Egyptian Copt Cleared of Fake Facebook ‘Blasphemy’
ICC Note: Bishoy Kameel Garas, a Coptic Christian from Egypt, has officially been cleared of guilt related to blasphemy charges regarding statements posted on Facebook. The Facebook posts, which were published in a fake account under Garas’ name, resulted in a six-year prison term for charges including the “defamation of Islam.” Before his acquittal, served over half of his prison sentence and experts doubt that he will receive reasonable compensation for this injustice.
04/04/2016 Egypt (World Watch Monitor) – An Egyptian Copt, Bishoy Kameel Garas, has been declared ‘innocent’ after he spent more than half his 6-year sentence for charges including defamation of Islam, the Cairo Court of Cassation has ruled.
Garas, now in his late twenties, was jailed in September 2012 for offending the country’s dominant religion, the then-Egyptian President Mohamed Morsi, and a Muslim sheikh’s sister.
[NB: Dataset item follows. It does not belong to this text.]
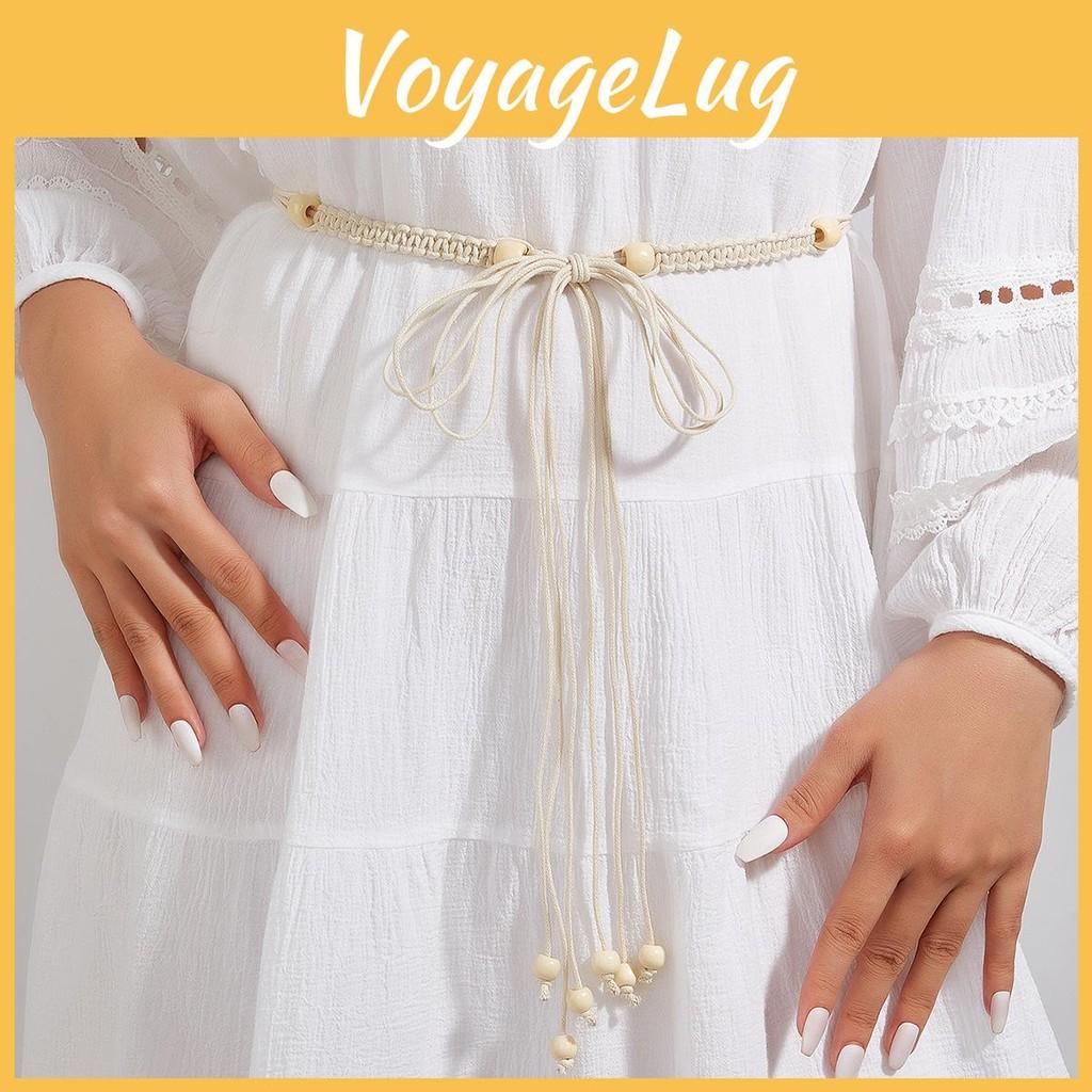 This bohemian belt features a woven wax cord design with wooden bead accents, offering a delicate and natural aesthetic. Made from breathable cotton-linen blend. Ideal for accessorizing summer dresses or casual outfits. Wipe clean with a damp cloth for maintenance.

The charges related to Facebook posts found on a fake page opened in his name.
On 25 July, Cairo’s senior court had ruled against the prison sentence, but it took Garas until 9 Oct. to be released, due to “intransigence by the prosecution, and prison authorities dragging their feet”, his lawyer Magdy Farouk Saeed told World Watch Monitor back in November.
Despite mounting evidence weighing on the side of his acquittal, the prosecution and two lower courts insisted on condemning the Christian, until the higher court finally declared him innocent on March 13.
As with other blasphemy cases levelled against Christians and seculars, the proceedings were bedevilled by mob pressure and judicial religious prejudice.
“Back in 2012, the defence team was mobbed by scores of angry people around and inside the courthouse shouting, ‘Are you Muslims or what?’ The lawyers were themselves accused of apostasy and had to be spirited from the court’s security office,” said Ishak Ibrahim from the Egyptian Initiative for Personal Rights (EIPR).
Coptic activists insist the proceedings were a travesty from the beginning.
“To be accused of defamation (of Islam) is to be guilty of it, especially with the mob pressure and rioting accompanying the proceedings,” said Safwat Samaan, director of Nation Without Borders, a human rights advocacy group.